Why does Java allow arrays of size 0?

Solution 1:

It signifies that it is empty. I.e. you can loop over it as if it had items and have no result occur:

for(int k = 0; k < strings.length; k++){
   // something
}

Thereby avoiding the need to check. If the array in question were null, an exception would occur, but in this case it just does nothing, which may be appropriate.

Solution 2:

Why does Java allow arrays of size 1? Isn't it pretty useless to wrap a single value in an array? Wouldn't it be sufficient if Java only allowed arrays of size 2 or greater?

Yes, we can pass null instead of an empty array and a single object or primitive instead of a size-one-matrix.

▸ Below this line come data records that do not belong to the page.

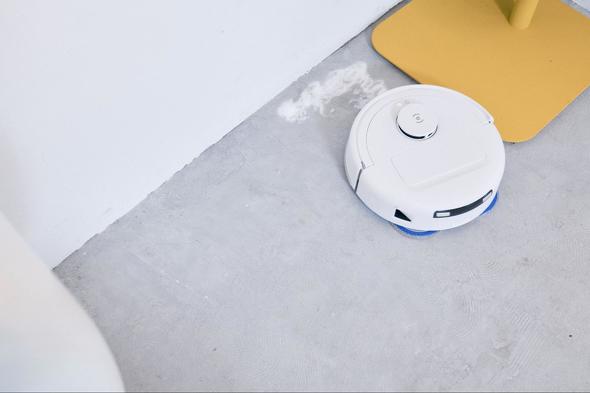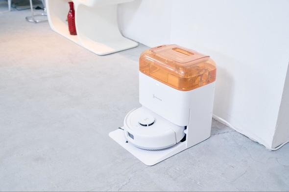 ステーションは高さわずか38.5センチ、本体のサイズは直径28.6センチとコンパクトで、ひとり暮らしの部屋でも邪魔にならない大きさです。狭いスペースもスムーズに走行でき、8000Paの強力な吸引力でゴミをお掃除。それでいて、スタイリッシュなデザインでインテリアの邪魔になりません。ゴミ吸引のほかに水拭き機能もついているので機能性も◎。
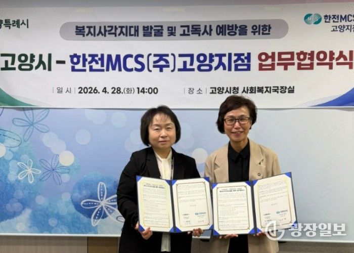 광장일보 주재영 기자 | 고양특례시는 지난 28일 시청 사회복지국장실에서 한전MCS(주) 고양지점과 위기가구 발굴 및 지원을 위한 ‘온(溫)마음 복지스위치 ON’ 업무협약을 체결했다.
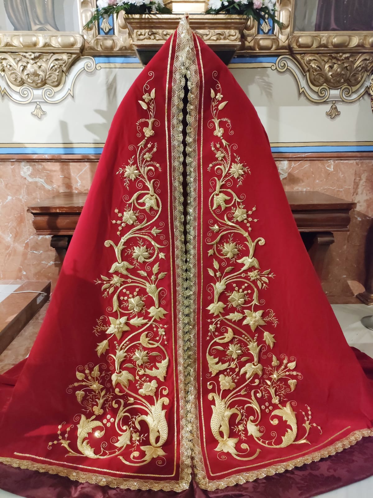 El nuevo manto de la Virgen de las Mercedes, diseñado y bordado por nuestro Hermano Alfonso Torralva Navarro y donado a la Santísima Virgen para conmemorar el cincuentenario de su Coronación.

But there are some good arguments against such an restriction. My personal top arguments:

Restriction is too complicated and not really necessary

To limit arrays to sizes [1..INTEGER.MAX_INT] we'd have to add a lot of additional boudary checks,(agree to Konrads comment) conversion logic and method overloads to our code. Excluding 0 (and maybe 1) from the allowed array sizes does not save costs, it requires additional effort and has an negative impact on performance.

Array models vector

An array is a good data model for a vector (mathematics, not the Vector class!). And of course, a vector in mathematics may be zero dimensional. Which is conceptually different from being non-existant.


Sidenote - a prominent wrapper for an (char-)array is the String class. The immutable String materializes the concept of an empty array: it is the empty String ("").